No Brasil, o primeiro prefeito ameríndio eleito foi José Nunes de Oliveira, um dos caciques da Área Indígena Xacriabá, a maior do estado de Minas Gerais, no município de São João das Missões. José Nunes é mestiço, assim como grande parte dos xacriabás, e filho de Rosalino Gomes de Oliveira, um dos líderes assassinados em fevereiro de 1986 na luta pela terra indígena (leia mais aqui). Na vizinhança fica o Parque Nacional do Peruaçu, e estive lá fazendo um video-documentário nos festejos juninos de 2006, quando tive oportunidade de conversar com Ailton Krenak, grande liderança do movimento indígena brasileiro e na ocasião assessor do governo de Minas Gerais para assuntos indígenas. Com toda sua sabedoria, Krenak conviu comigo que a etnia xacriabá, originada de não apenas essa mescla com os escravos mas também de diferentes miscigenações entre sobreviventes de diversas tribos ali reunidos no Vale do Rio São Francisco, era uma reinvenção de si própria, uma nova etnia surgida de um grande encontro cultural, tão caracteristicamente brasileira. Essa a sua força, aliás: a de ser uma etnia que contempla seu passado olhando para o futuro.

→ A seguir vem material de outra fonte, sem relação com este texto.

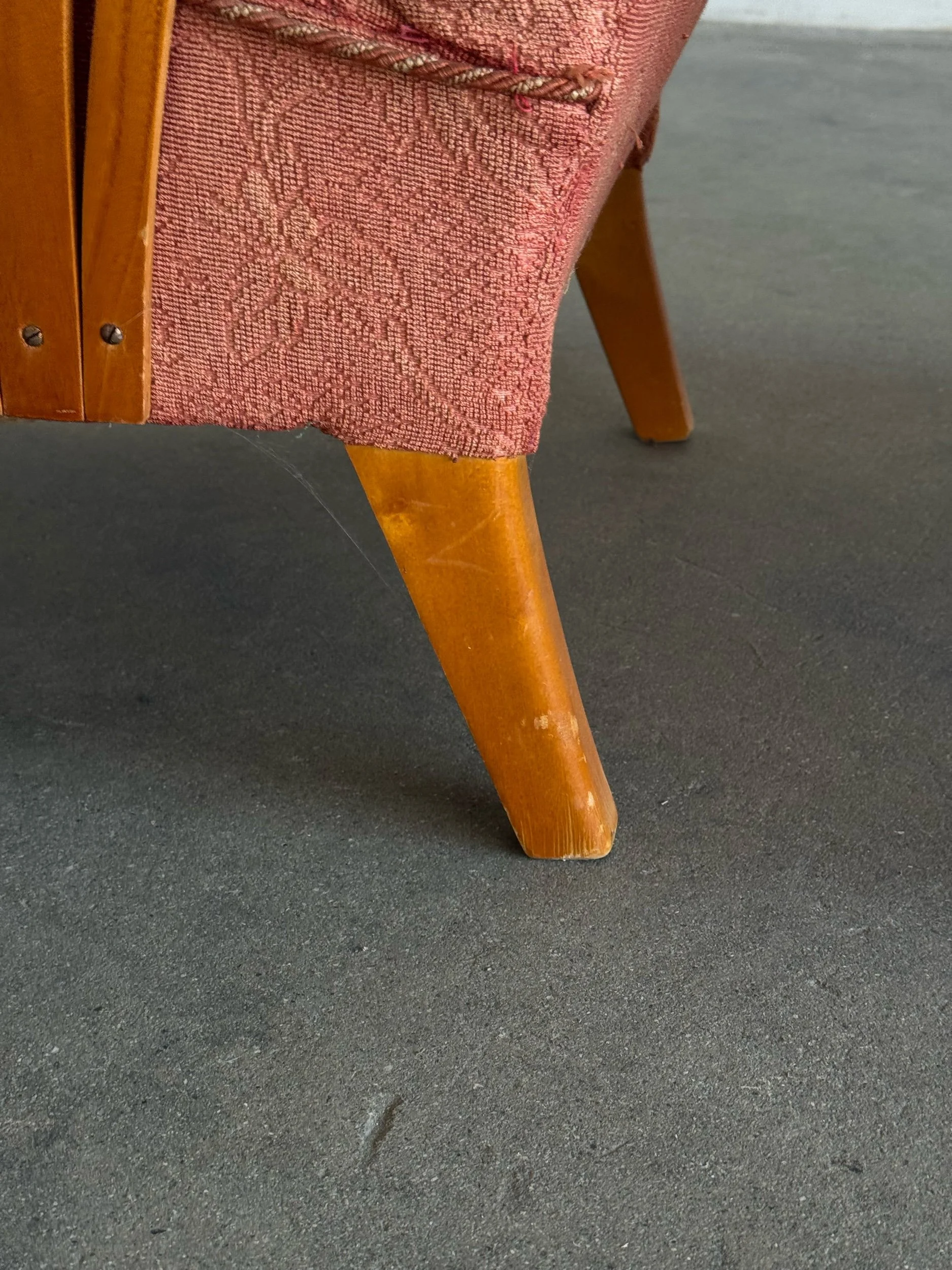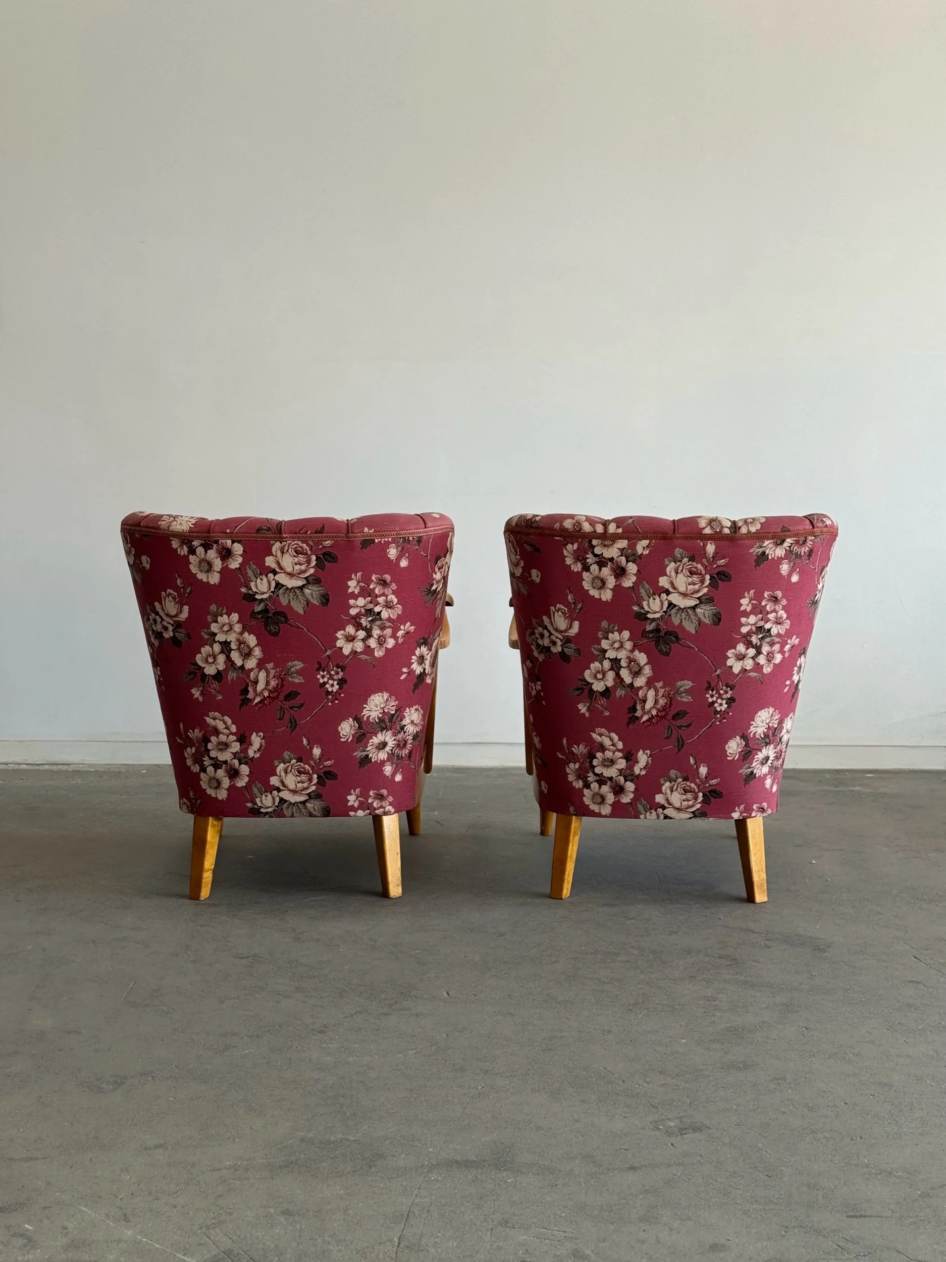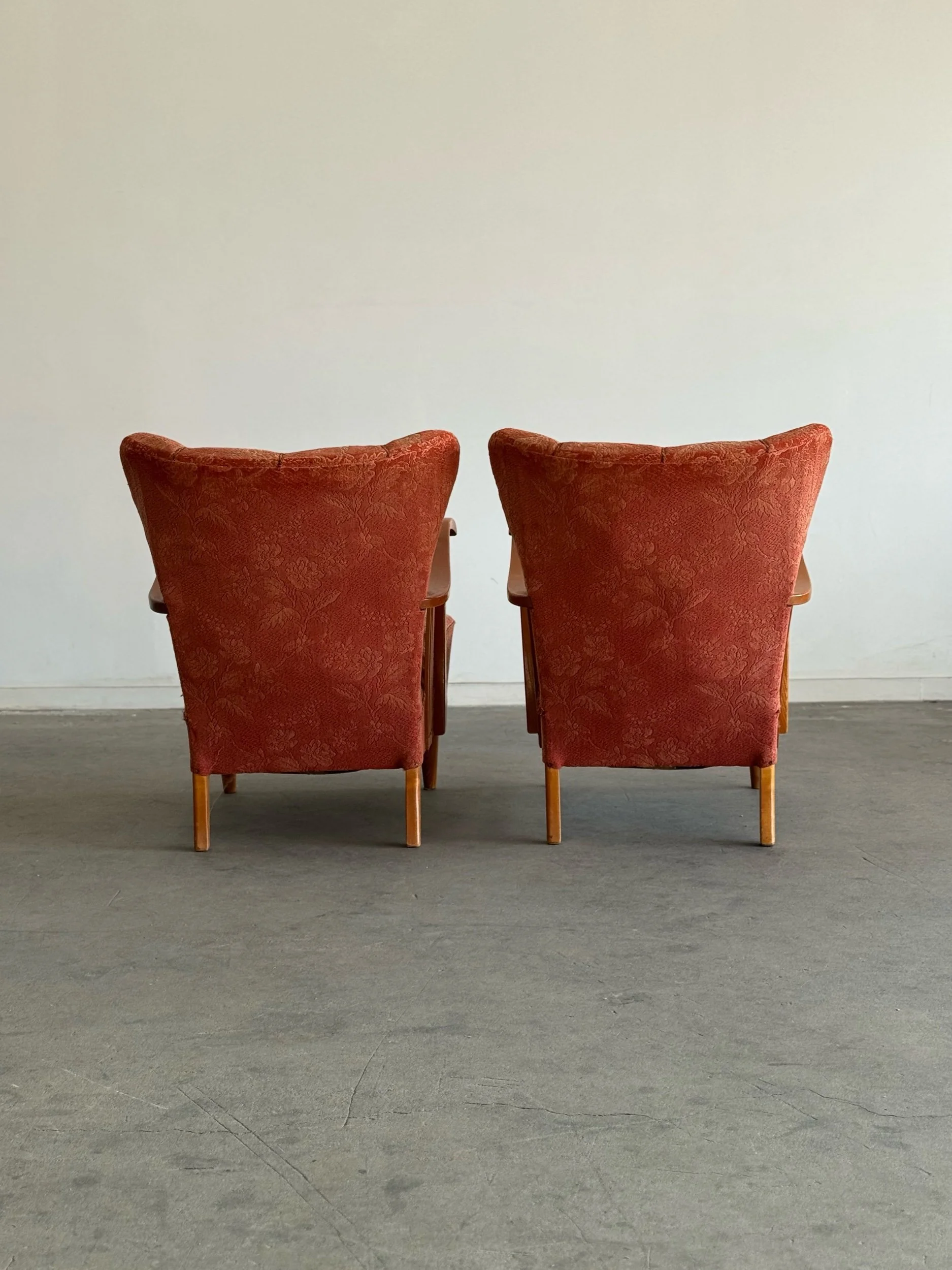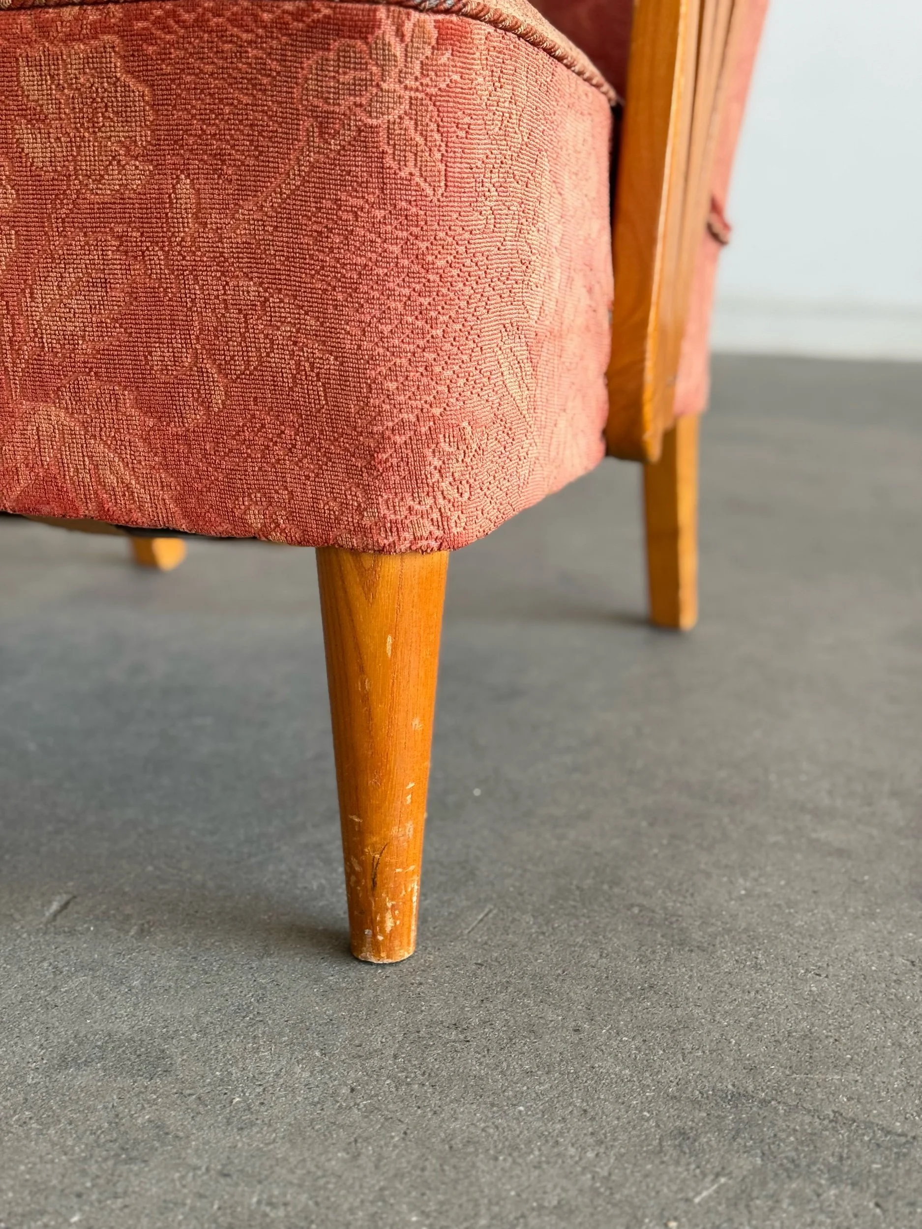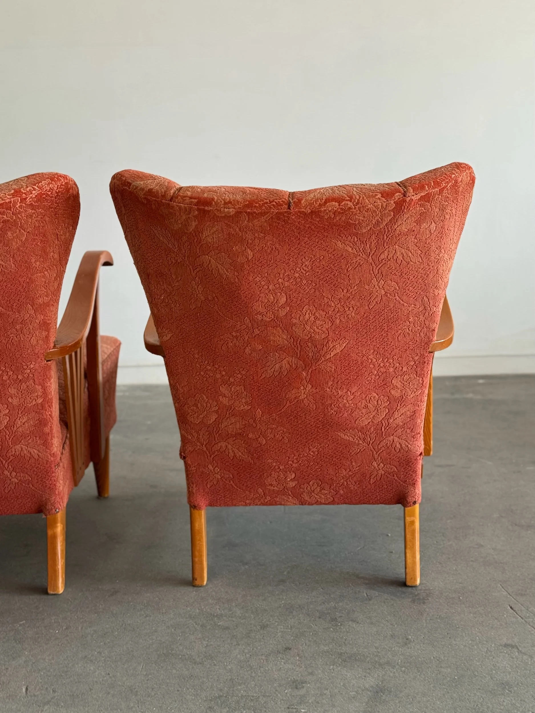 Elegant and inviting, this pair of Swedish Modern lounge chairs embodies the understated sophistication of Scandinavian design. Featuring sculptural slatted arms, tapered legs, and gently curved backs, they blend warmth, comfort, and craftsmanship in perfect balance. Upholstered in its original rich burgundy fabric with a soft texture that complements the natural wood tones. These are in their original condition without restoration.

Maurílio Alves Neto nos conta um exemplo de como a criação de aldeias mistas foi parte da política etnocida dos colonizadores portugueses na região do Cerrado goiano:
"Em 1783 (...) o governador de Goiás, Tristão da Cunha, armou uma espécie de engodo visando a total rendição do povo Xavante. Conta-se que Miguel Arruda de Sá, a mando desse governador conseguira aprisionar um homem, quatro mulheres e crianças dessa etnia, que foram levados até a capital da Província de Goiás, Vila Boa. Para persuadir o restante desses aguerridos aborígines, Tristão da Cunha mandou libertar as prisioneiras e as crianças. Ao prisioneiro, deu-lhe o próprio nome e o tratou com todas as honrarias e dispensando-lhe toda a sua atenção. Satisfeito com as honrarias e com belos presentes, esse Xavante, agora denominado de Tristão da Cunha, viu-se convencido da amizade dos brancos. Por isso, à mando do governador, voltou para a floresta na tentativa de convencer seus irmão de raça a fazer um pacto de paz com os civilizados. Depois de três meses embrenhado nas matas, ele retornou dizendo que estivera com os de sua tribo e, diante de seus argumentos, eles acabaram por aceitar a idéia de uma reaproximação com os brancos, acreditando, que seriam perdoados de algumas atrocidades praticadas anteriormente na defesa de seu território contra o branco invasor. Ledo engano, pois na realidade, a Coroa queria converte-los ao cristianismo e pacificando-os, esperava que não oferecessem mais obstáculos às descobertas de minas de ouro, tão somente. De fato, os Xavantes, cerca de 3000, aceitaram fazer o pacto e no dia 13 de janeiro de 1788 foram recebidos festivamente no aldeiamento vigiado por militares, denominado Carretão (Pedro III) construído exclusivamente para eles, quando receberam as boas vindas e vários presentes, como prova da aliança e amizade eterna com os brancos. Nesse dia foi lido um documento aos aborígines com o seguinte teor:
“O nosso Capitão Grande, a quem os brancos, negros e as nações de vossa cor; Xacriabás, Carajás, Javaeses e Caiapós obedecem, aquele mesmo que, compadecido das vossas misérias nos enviou a convidar-vos em nossas próprias terras a fim de deixardes a vida errante em que viveis e virdes entre nós gozar os cômodos que vos oferece a sociedade civil, debaixo da muito alta, poderosa e maternal proteção de Nossa Augusta Soberana e Senhora Dona Maria Primeira, Rainha de Portugal, que habita além do Grande lago Oceano, me envia a aqui a receber-vos e cumprimentar-vos de sua parte e assegurar-vos suas boas intenções, oferecendo-vos estes presentes, sinais de uma aliança com que deseja firmar a paz, união e perfeita amizade, com que reciprocamente nos devemos tratar. Ao mesmo tempo, em nome do nosso Capitão Grande, vos faço real entrega desta aldeia, que para vosso domicílio tem destinado a qual, pertencendo-vos, de hoje em diante como própria, também sereis perpétuos possuidores destes dilatados campos, rios, bosques, até onde vossas vistas possam alcançar. E, para que o nosso Capitão Grande fique assás persuadido de vossa resolução, sabendo de ciência certa e fé, obediência e inteira sujeição que à Sua pessoa tributais e à Nossa Invicta e Amabilíssima Rainha, se faz preciso que firmeis a vossa fidelidade com juramento de uma perpétua, inalterável e eterna aliança !”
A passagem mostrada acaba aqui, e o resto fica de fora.